On July 18, just two days before the Colorado attack, a man reportedly disguised in a wig and posing as an American tourist in the Black Sea resort town of Burgas, Bulgaria, detonated an improvised explosive device hidden in his backpack as a group of Israeli tourists boarded a bus bound for their hotel. The blast killed five Israelis and the Bulgarian bus driver and wounded dozens more. It is unclear if the incident was an intentional suicide attack; the device could have detonated prematurely as the man placed it on the bus. In any case, the tourists clearly were the intended targets.
The Burgas attacker has not yet been identified. Based on his profile, there is some speculation that he could have been a grassroots jihadist.
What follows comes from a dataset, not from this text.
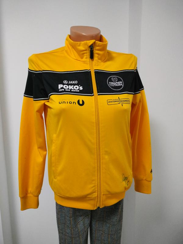 Спортивна кофта на хлопчика чи дівчинку. З написами.Насичений жовтогарячий колір, зручні кишені на замку Заміри на фото.
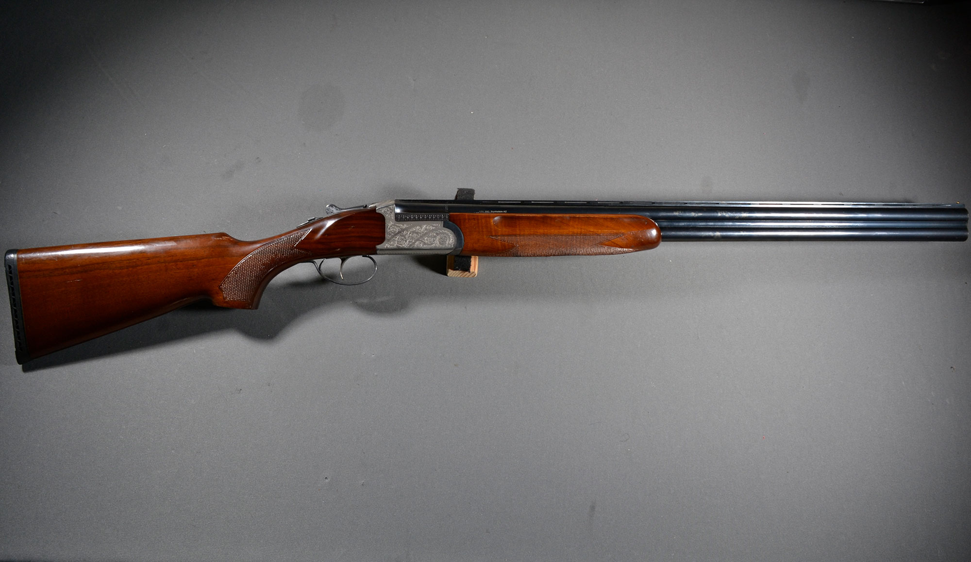 A Spanish made Over/under chambered for 12 Gauge. Fixed Chokes: Top: full Bottom: mod

However, it is also possible that he was acting on behalf of Iran and that this attack was merely the latest installment in the ongoing covert war between Iran and Israel
While these two attacks occurred on different continents and were committed by people with different motivations and objectives, they nonetheless have one thing in common: They were directed against what are referred to in security parlance as "soft" targets, or targets that do not have much security. Soft targets are much easier to attack than hard targets, which deter attacks by maintaining a comparatively strong security presence. 

Evolution of Targets and Tactics

In the 1960s, the beginning of the modern terrorism era, there were few hard targets. In the 1970s, the American radical leftist Weather Underground Organization was able to conduct successful bombing attacks against the U.S. Capitol, the Pentagon and the State Department buildings -- the very heart of the U.S. government. At the same time commercial airliners were easy targets for political dissidents, terrorists and criminal hijackers.
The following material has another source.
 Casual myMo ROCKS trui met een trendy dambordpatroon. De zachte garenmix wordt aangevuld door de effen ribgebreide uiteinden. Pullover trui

Nongovernmental organizations were also seen as soft targets. The Black September Organization conducted an operation targeting Israeli athletes at the 1972 Olympic Games, and Ilich Ramirez Sanchez, known as Carlos the Jackal, and his compatriots seized the OPEC headquarters in Vienna in December 1975.
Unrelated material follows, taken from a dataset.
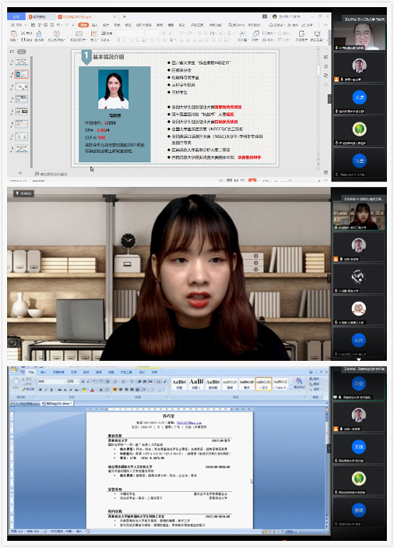 2020年7月16日下午,各位营员按照考核分组,在7名老师的主持下,进行了群体面试。首先由营员进行自我介绍,介绍个人简历、取得成绩、个人优势、自我评价、报考原因、学习规划等方面,随后就老师提出的开放性问题进行回答,各个营员各展所长,各具特色,优秀频出。

Embassies did not fare much better. During the 1970s, militant groups seized control of embassies in several cities, including Stockholm, The Hague, Khartoum and Kuala Lumpur. The 1970s concluded with the seizure of the U.S. Embassy in Tehran and the storming and destruction of the U.S. Embassy in Islamabad. The 1980s saw major attacks against U.S. diplomatic posts in Beirut (twice) and Kuwait.
Just as the Weather Underground Organization attacks prompted security improvements at the U.S. government buildings they had targeted, the attacks against U.S. and other embassies prompted increased security at their diplomatic missions. However, this turned into a long process. The cost of providing security for diplomatic posts strained already meager foreign affairs budgets. For most countries, including the United States, security was not increased at all diplomatic missions. Rather, security was improved in accordance with a threat matrix that assessed the risk levels at various missions. Those deemed more at risk received funding before those deemed less at risk.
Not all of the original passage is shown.